You know how computer games have those minimum requirements? Like Cyberpunk 2077 requires Core i7-6700 etc. With this module our programs have minimum requirements.
Each process requires 2 parallel tasks. Maybe 3 for waitpid
and 2 parallel reads from stdout/stderr
. There is some math formula that would allow us to calculate minimum requirements of a given program, but it is not in the proposal. I think: 3 x number_of_processes
is safe.
Similar thing happens then you start piping data from one process to another. All of them have to be alive at the same time. I have no example because this requires indentation (nesting Subprocess.run
within another Subprocess.run
closure), and that makes it too complicated and visually noisy/distracting for this post.
Anyway, now you have this number that you have remember and if you (by mistake) deploy your program to the machine that does not satisfy the minimum requirements then it will deadlock.
Btw. We just deadlocked without filling the pipe buffer. There are some other pipe buffer related deadlocks that I do not show here, as at this point everyone knows the drill, so it would be repetitive. I wanted to show something different.
Documentation
There is none?
End
I'm going to stop here, as at this point both of my posts added together are longer than the proposal itself. Check out my old post, if you want more.

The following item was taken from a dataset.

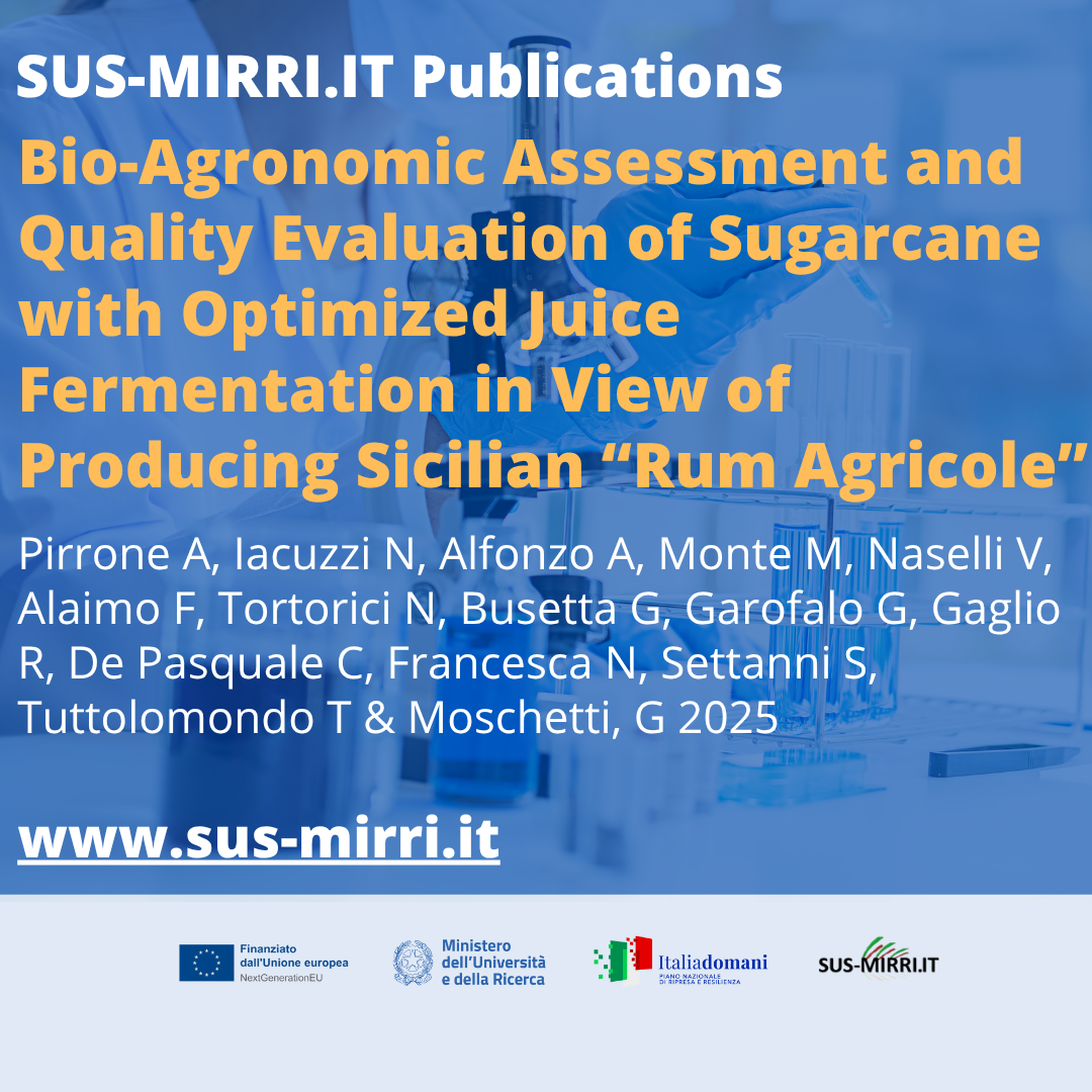 Pirrone A, Iacuzzi N, Alfonzo A, Monte M, Naselli V, Alaimo F, Tortorici N, Busetta G, Garofalo G, Gaglio R, De Pasquale C, Francesca N, Settanni S, Tuttolomondo T & Moschetti, G 2025 Bio-Agronomic Assessment and Quality Evaluation of Sugarcane with Optimized Juice Fermentation in View of Producing Sicilian “Rum Agricole”. Applied Science 15(14) 7696 https://doi.org/10.3390/app15147696

I see that the proposal authors are trying to push a lot of things as "user errors", but I'm not sure if I agree. I think we should try to tackle as many of those scenarios as possible, or at least give users some tools to handle them. Subprocess.run
looks deceptively simple, but it has multiple corner cases. It is declarative-like, users jus say git status limit 500
, and they do not care about the details. Neither should they! For example we could:
- do not deadlock after the
limit + platform_specific_value
- close
stdin
if they forget
- do not
SIGPIPE
the child, or at least mention it in documentation
- do not require the users to write parallel read from
stdout/stderr
, give them a method to do it with 1 call
Also, I just can't fail to notice that the authors of the proposal fall for the same pitfalls that they expect the users to avoid. For example blocking read on stdout
while ignoring stderr
. Or finite pipe buffer size. Users do not even know what pipes are! They can't account for this. And, from what I see, deadlocks are never mentioned in either the proposal or the documentation.